State v. Superior Court, in & for County of Maricopa

524 P.2d 951, 111 Ariz. 130, 1974 Ariz. LEXIS 377
CourtArizona Supreme Court
DecidedJuly 17, 1974
Docket11561
StatusPublished
Cited by22 cases

This text of 524 P.2d 951 (State v. Superior Court, in & for County of Maricopa) is published on Counsel Stack Legal Research, covering Arizona Supreme Court primary law. Counsel Stack provides free access to over 12 million legal documents including statutes, case law, regulations, and constitutions.

Bluebook
State v. Superior Court, in & for County of Maricopa, 524 P.2d 951, 111 Ariz. 130, 1974 Ariz. LEXIS 377 (Ark. 1974).

Opinion

HOLOHAN, Justice.

The State of Arizona sought by a petition for special action to vacate an order of the superior court granting partial summary judgment against the State in a pending negligence action.

The only issue involved is whether or not the State of Arizona can be held liable *132 under the doctrine of respondeat superior for the negligent acts of an Arizona National Guardsman who is traveling to a weekend training session.

Virgil Troy Derrick, of San Manuel, joined the Arizona National Guard in 1970 and attended monthly weekend drills in Tucson. For a six-months period between February and July, 1973, in lieu of the once-a-month Tucson drill, Derrick was to attend training sessions in Phoenix at the noncommissioned officer school of the Arizona National Guard Military Academy.

Derrick drove his own vehicle to Phoenix. Since San Manuel is more than fifty miles from the Academy in Phoenix, he was reimbursed for round-trip travel expenses at the rate of ten cents per mile.

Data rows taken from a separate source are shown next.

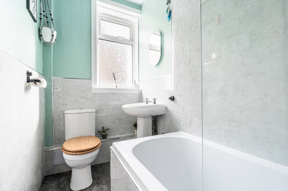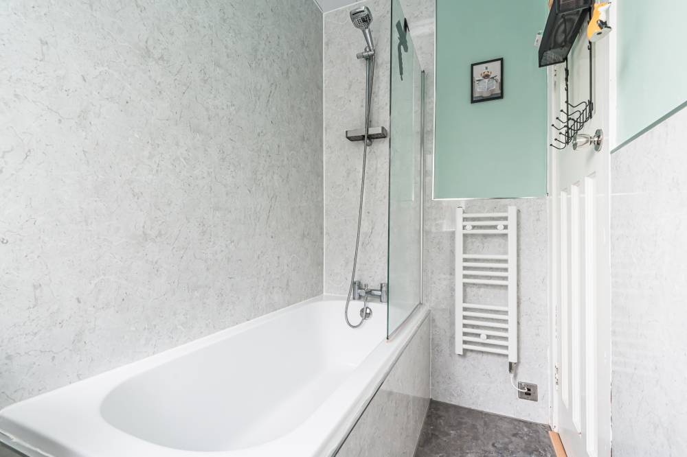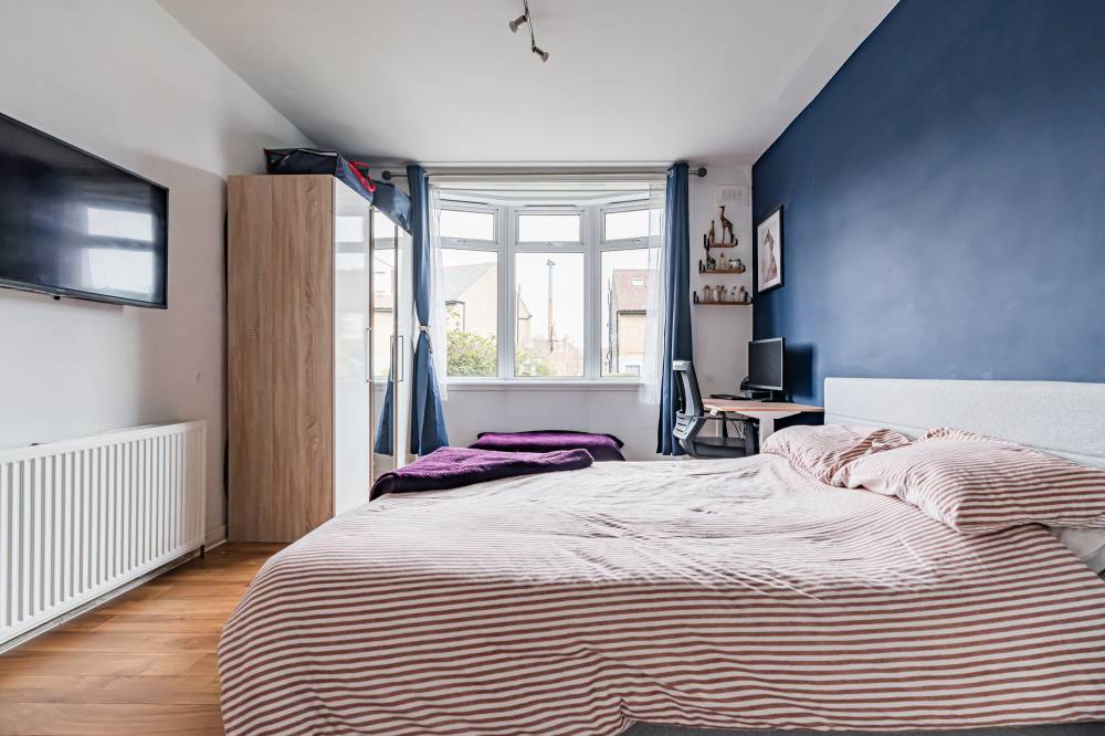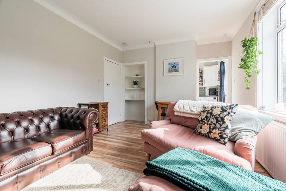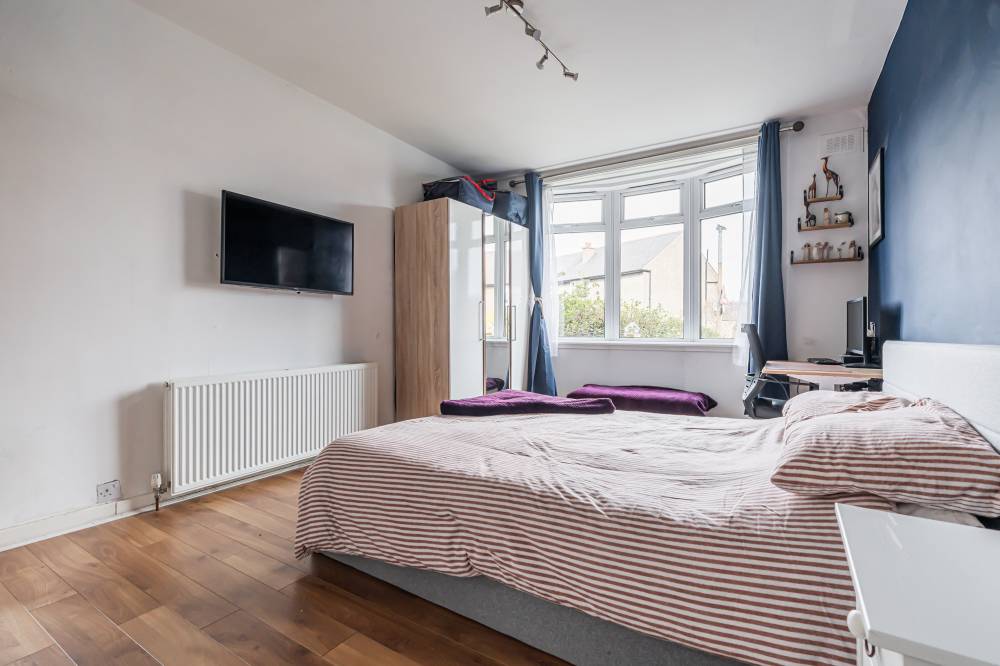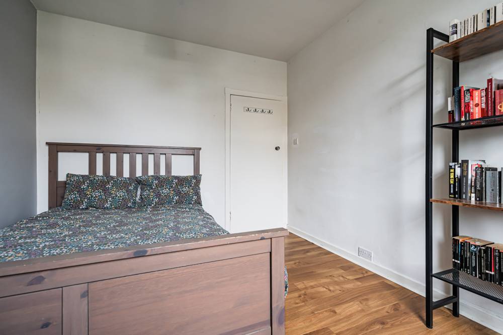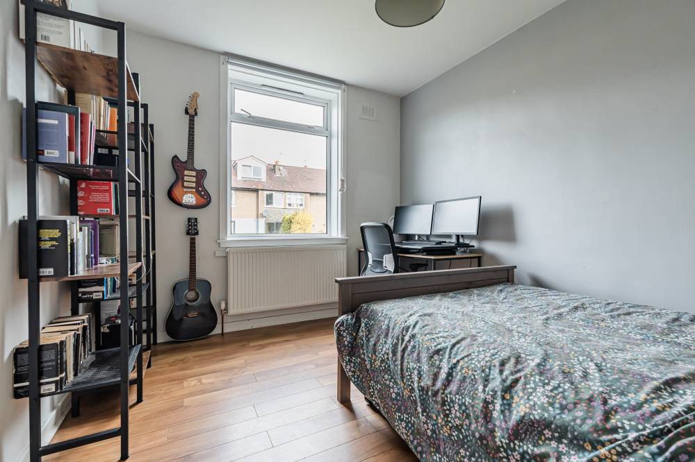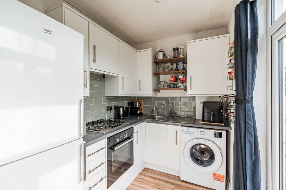 Access is via a private main door which opens into a vestibule leading through to the central hallway, providing access to the principal accommodation. To the rear of the property is a bright and spacious reception room which overlooks the private garden. This welcoming living space features laminate flooring and offers ample room for both lounge and dining furniture, creating a versatile area for relaxing or entertaining. The fitted kitchen is equipped with modern white high-gloss wall and base units, complemented by tiling to the splash areas. Glazed doors provide direct access to the rear garden, allowing for excellent natural light and easy indoor-outdoor living during the warmer months. The principal bedroom is a particularly spacious double, enhanced by a bay window that allows plenty of natural light to flow into the room. It is presented in modern décor, creating a comfortable and stylish space. The second bedroom is another well-proportioned double positioned to the front of the property, featuring laminate flooring and neutral décor which will suit a variety of tastes. Completing the accommodation is the bathroom, fitted with a white three-piece suite including a bath with shower over and a glass shower screen.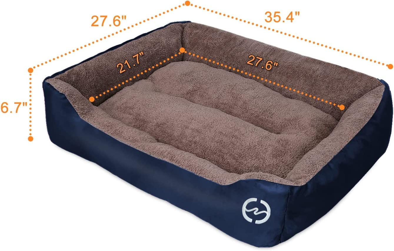 SITSNOOZE Dog Bed and Cat Bed, Extra Soft Washable, Pet Beds Rectangle Shape, Anti-Slip and Water Resistant Bottom, for Comfortable Sleeping of Your Pet (Brown and Blue -XXL)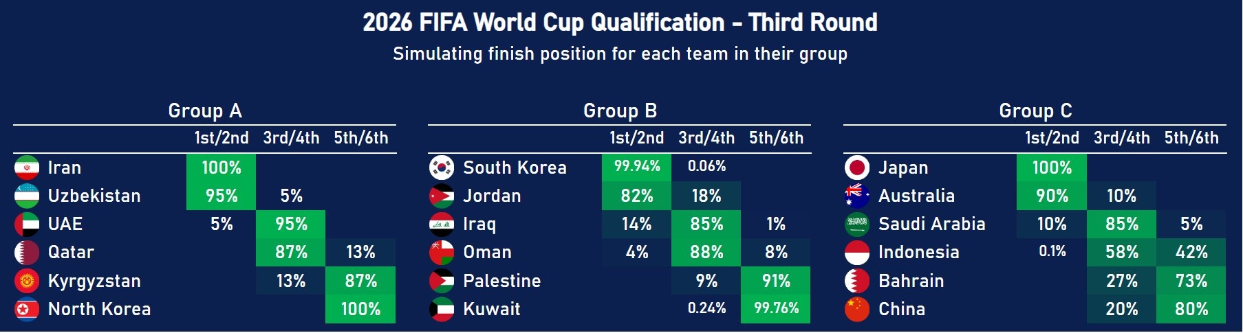 03月26日訊 數(shù)據(jù)機(jī)構(gòu)Footy Rankings發(fā)布世預(yù)賽預(yù)測(cè)。其中中國(guó)隊(duì)20%排3/4(附加賽),80%排在5/6(無(wú)緣世界杯),而印尼58%概率獲得附加賽資格。 本文標(biāo)簽: 足球 中國(guó)男足 中國(guó)足球 中超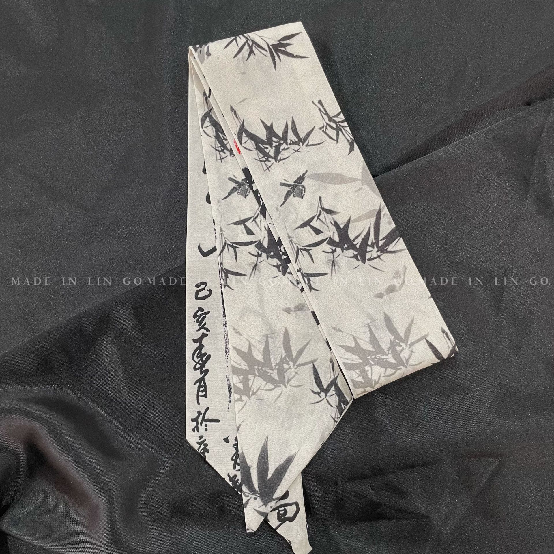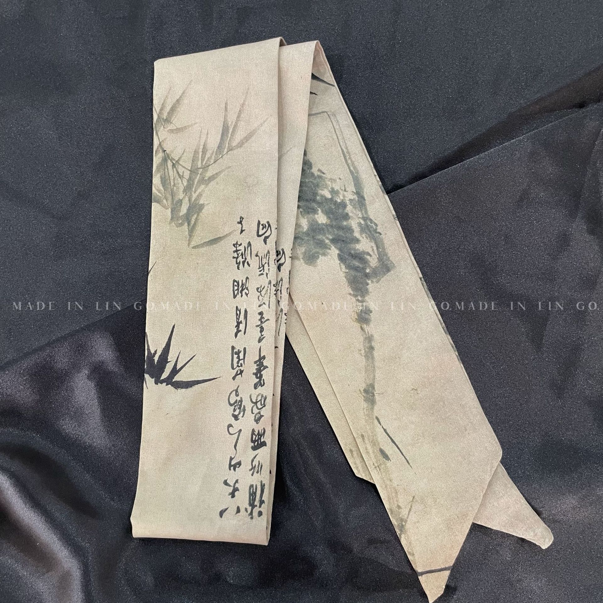 墨竹白鹤新中式古风发带长条丝巾女发饰水墨画中国风飘带发带批发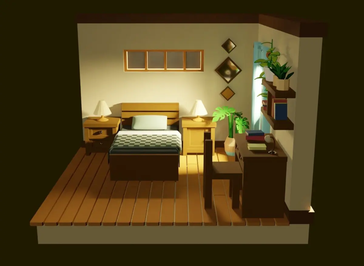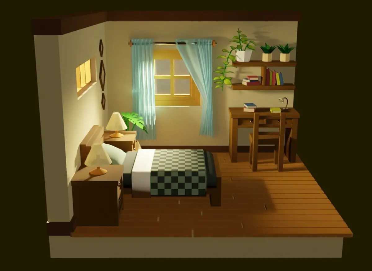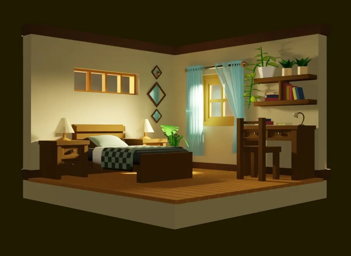 I created this low poly Isometric Bed Room using Blender 3.0.1. All house objects are named and separated. No texture use for this model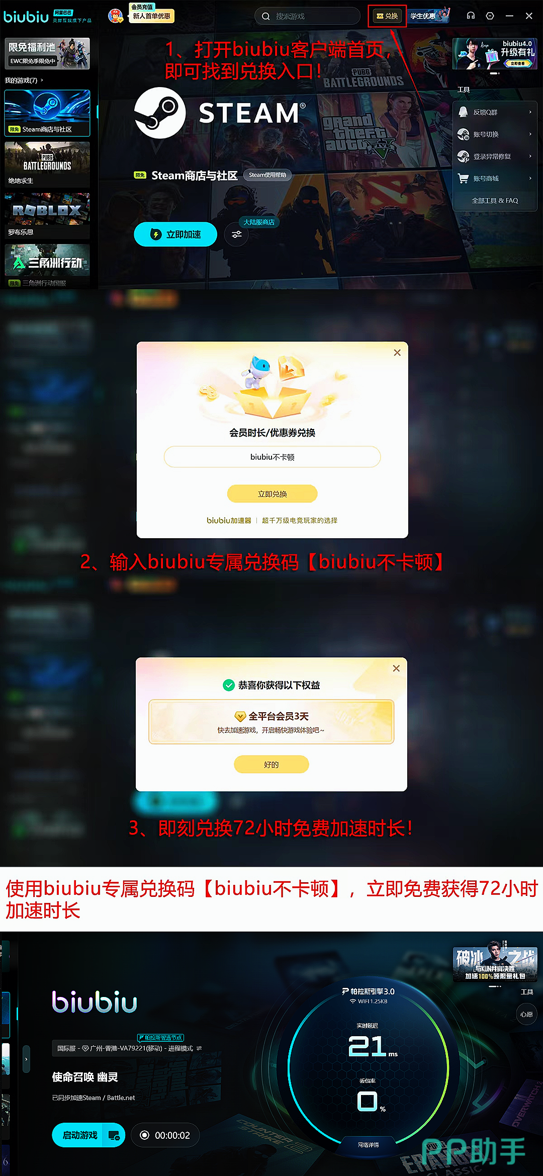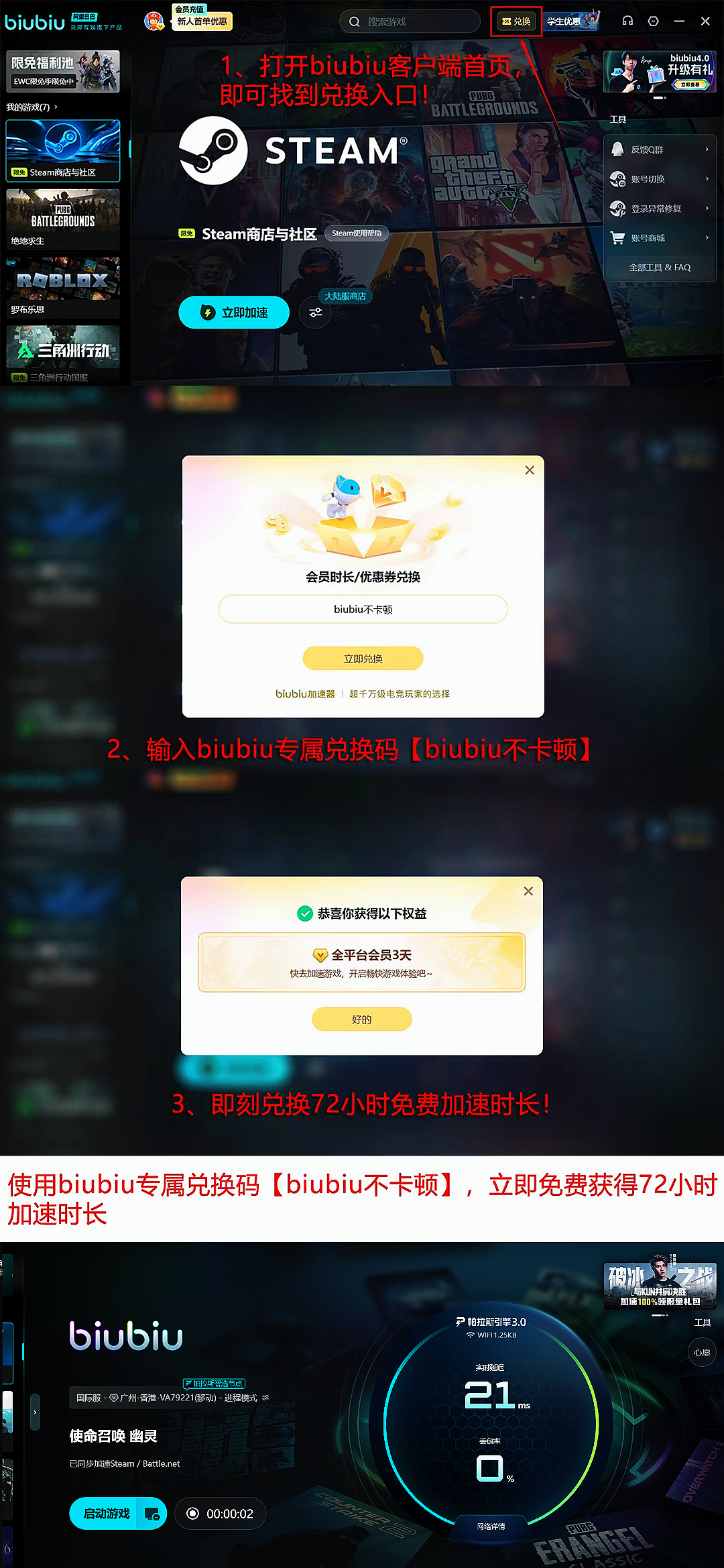在服务加速的同时,福利这块自然是不会少给的,新手用户只需要注册biubiu都可以获得24小时免费加速,在使用的期间任意游戏都可以体验,并且全部用户使用兑换码【biubiu不卡顿】可获3天免费的使用权哦,算下来新用户一共能获得96小时的加速时间。

Derrick, who otherwise worked six days a week for the Magma Copper Company in San Manuel, was ordered to report to the Academy at 6:30 a. m. on May 5, 1973 for his two-day, monthly training session. He left his home in San Manuel at approximately 4:30 a. m. the morning of the drill and was involved in a two-vehicle accident at about 5:20 a. m. Derrick was killed as were the occupants of the other vehicle, Durwood Raymond Rousseau and Robert Monroe Schraft.

Surviving family members of Rousseau and Schraft brought suit, naming the State of Arizona as one of the defendants. The superior court granted the survivors’. motion for partial summary judgment holding the State liable under the theory of respondeat superior if Respondents proved negligence by Derrick. This petition for special action followed.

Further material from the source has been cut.